SHNH Stearn Essay Prize 2020 awarded to Amelia Urry (Cambridge) for her essay ‘Hearsay, Gossip, Misapprehension: Alfred Newton’s secondhand histories of extinction’
We are delighted to announce that the 2020 Society for the History of Natural History’s William T. Stearn Essay prize has been awarded to Amelia Urry for her essay ‘Hearsay, Gossip, Misapprehension: Alfred Newton’s secondhand histories of extinction’.
Beginning in the 1850s, Cambridge ornithologist Alfred Newton set out to preserve accounts of the great auk (Pinguinus impennis) and the British great bustard (Otis tarda), two birds that had become increasingly rare in the preceding decades. Instead of recording direct observations of these now-extinct species, however, Newton’s field notebooks are filled with transcribed witness statements, secondhand accounts, newspaper clippings, gossip, rumour, even folklore, collected by Newton meticulously over decades.
The central absence outlined by these uncertain accounts increasingly became the subject of Newton’s investigation into human-caused extinction, even as his efforts to construct definitive accounts were undermined by the doubt, contradiction, and uncertainty that would come to characterize extinction studies to the present.
Amelia is a PhD student (History and Philosophy of Science) at the University of Cambridge, where she studies the ‘deep uncertainty’ of Antarctic climate science. As a writer, she has explored themes of extinction and apocalypse, moving across histories of science and literature.
Of winning the award, Amelia says “It is an honour and a pleasure to receive the William T. Stearn Prize, and a great encouragement to my own fascination with the scientific difficulty of ‘proving’ environmental change. Though he published little in his lifetime, Newton’s meticulous research sheds light on the socially mediated nature of extinction studies, and the troubling and persistent role of uncertainty therein.”
The Society sends our very best congratulations to Amelia. Amelia’s essay will be published in an upcoming edition of the Society for the History of Natural History’s journal Archives of natural history.
William T. Stearn, CBE FLS VMH, was an outstanding botanical scholar, deemed the complete naturalist and was described in his obituary in The Times as “the greatest botanical authority of the twentieth century”. Professor Stearn is known for his work in botanical taxonomy and botanical history, particularly classical botanical literature, botanical illustration and for his studies of the Swedish scientist Carl Linnaeus. His best known books are his Dictionary of Plant Names for Gardeners, a popular guide to the scientific names of plants, and his Botanical Latin for scientists and he is the the botanical authority for over 400 plant species.
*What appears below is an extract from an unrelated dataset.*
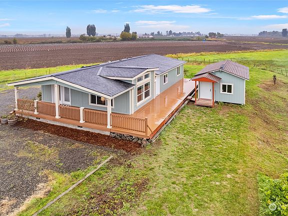 This is your "birds chirping and smell of fresh air" type property. Truly stunning views of the rolling hills and mountains from the 600 sq ft wraparound deck. Remodeled top to bottom, inside and out. The large primary bedroom has a garden tub and separate shower, so you can unwind after a long day. Includes a separate studio building w electricity. Home office? Art studio? Workshop? Garden space up front with oodles of parking (space for RV). This home is located just 30 minutes from Bellingham, so you're close to all the amenities you need, but far enough away to escape the hustle and bustle of city life. If you're looking for a truly unique and special place to call home, take a look in person and envision how you'd make it your own.

William Stearn received many honours for his work, at home and abroad, and was made a Commander of the Order of the British Empire (CBE) in 1997. He received the Linnean Gold Medal of The Linnean Society of London (1976), and the Society for the History of Natural History’s SHNH Founders’ Medal (1986).
The SHNH Stearn Student Essay Prize was established in his honour by the Society for the History of Natural History and Amelia is the twelfth winner of the prize.